When European settlers spread across the continent, they sought to eradicate wolves out of an overblown fear for personal safety and livestock predation. This continued into the first half of the 20th century, when government bounties encouraged killing wolves by any means. Millions of gray wolves were trapped, poisoned, and shot during this time, until they were nearly wiped out throughout the contiguous 48 states.

These culling programs have left a legacy of wolf persecution, feeding an anti-predator bias that continues to influence wolf management decisions. The undeserved fear and hatred toward wolves is based upon myths and falsehoods. Wolves hunt ungulates, and unless human-caused loss of habitat and wild prey species reduce their hunting options, they do not generally pose a problem to livestock or human safety.

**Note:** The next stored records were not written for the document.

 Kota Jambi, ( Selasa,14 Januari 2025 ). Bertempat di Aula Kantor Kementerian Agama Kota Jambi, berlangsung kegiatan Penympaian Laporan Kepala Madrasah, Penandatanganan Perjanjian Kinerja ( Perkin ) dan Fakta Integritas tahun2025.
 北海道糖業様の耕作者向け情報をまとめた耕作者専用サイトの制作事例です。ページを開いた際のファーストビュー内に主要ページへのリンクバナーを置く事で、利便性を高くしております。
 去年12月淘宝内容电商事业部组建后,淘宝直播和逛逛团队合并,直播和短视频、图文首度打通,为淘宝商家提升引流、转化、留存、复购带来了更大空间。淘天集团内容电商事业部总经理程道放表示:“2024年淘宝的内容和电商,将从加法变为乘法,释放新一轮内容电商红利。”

In the early 1970s, Americans recognized that gray wolves’ perilously low population levels put them on a path to extinction, and in 1974 wolves across the lower 48 states were listed as “endangered” under the Endangered Species Act (ESA). Through careful management efforts, gray wolf populations slowly grew, and the return of wolves to Yellowstone, central Idaho, and elsewhere has been among America’s greatest conservation victories. Though still at a fraction of their original population, over 5,000 gray wolves in the contiguous 48 states now occupy a small portion of their historic range.

Without the protections provided by the ESA, gray wolves could not resume their critical ecological role in wild America. However, their slowly growing numbers have been used as a reason to prematurely disqualify them from federal protection.

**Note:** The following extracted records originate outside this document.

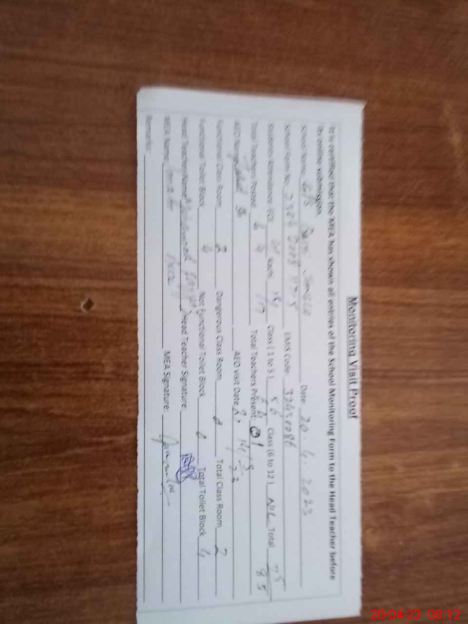 | Attendance Register | Head Teacher | MEA with School | Visit Proof |
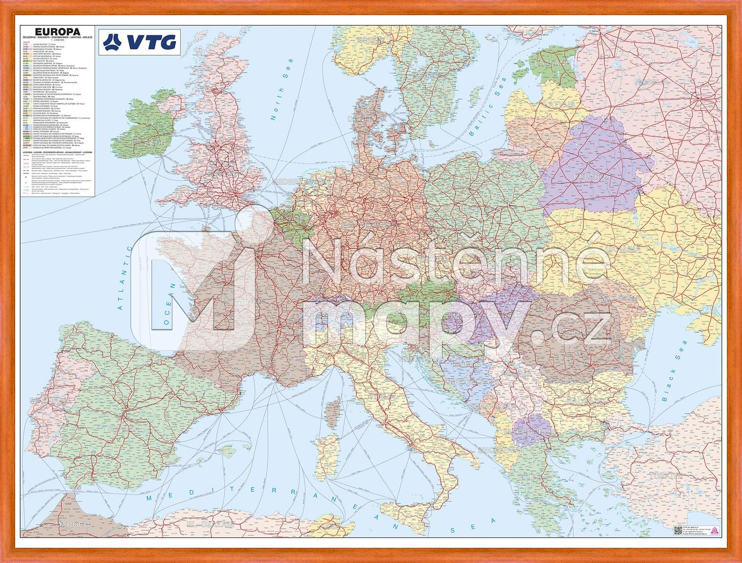 Nejpodrobnější mapa svého druhu zobrazuje železniční síť Evropy včetně trajektů, barevně rozlišené hranice států, vyznačení největších tarifních bodů, měřítko 1 : 2,69 mil., rozměr 140 x 105 cm.
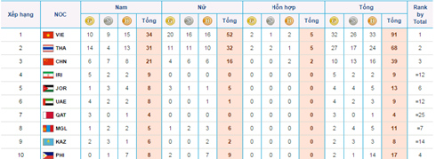 Trong buổi sáng ngày thi đấu chính thức thứ 6 tại đại hội, Đoàn TTVN tiếp tục dẫn đầu trên bảng tổng sắp huy chương, với 32 HCV, 26 HCB và 33 HCĐ. Đoàn Thái Lan xếp thứ 2 với 27 HCV, 17 HCB và 24 HCĐ./.
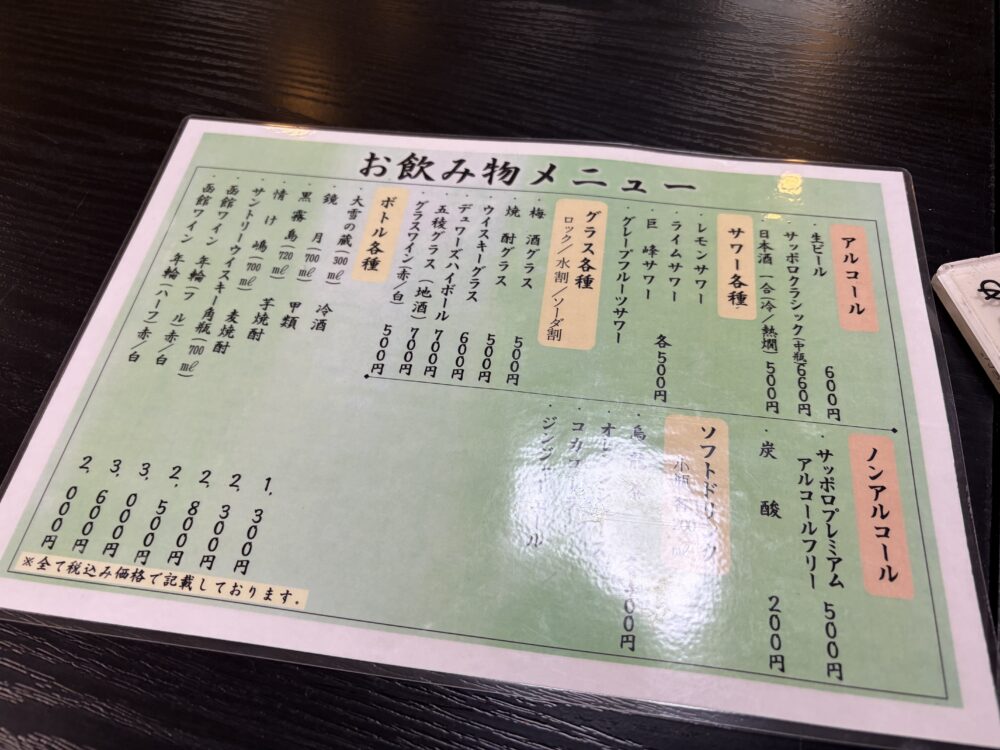 北海道に来たらサッポロクラシックかなと。中瓶660円なので、かなりお安いと思います。

Even though many scientists agree that their recovery is far from complete, there have been ongoing attempts in recent years to eliminate federal protections for gray wolves. Over the past two decades, both Congress and the Department of the Interior have tried several times to delist gray wolves, but most of those efforts failed to pass or were struck down by the courts. The ESA requires that delisting decisions be based only on sound science, but these attempts failed to adhere to that mandate.

Currently, gray wolves are federally protected in the contiguous 48 states except the Northern Rocky Mountain region, which includes Montana, Idaho, Wyoming, eastern Washington, eastern Oregon, and northcentral Utah). The Northern Rocky Mountain distinct population segment of wolves, except those in Wyoming, were most recently delisted via a 2011 law that required the secretary of the interior to reissue a 2009 delisting rule that a court had previously struck down. Wolves in Wyoming were most recently delisted in 2017, when an appeals court reversed a district court’s decision that had restored ESA protections for gray wolves in Wyoming.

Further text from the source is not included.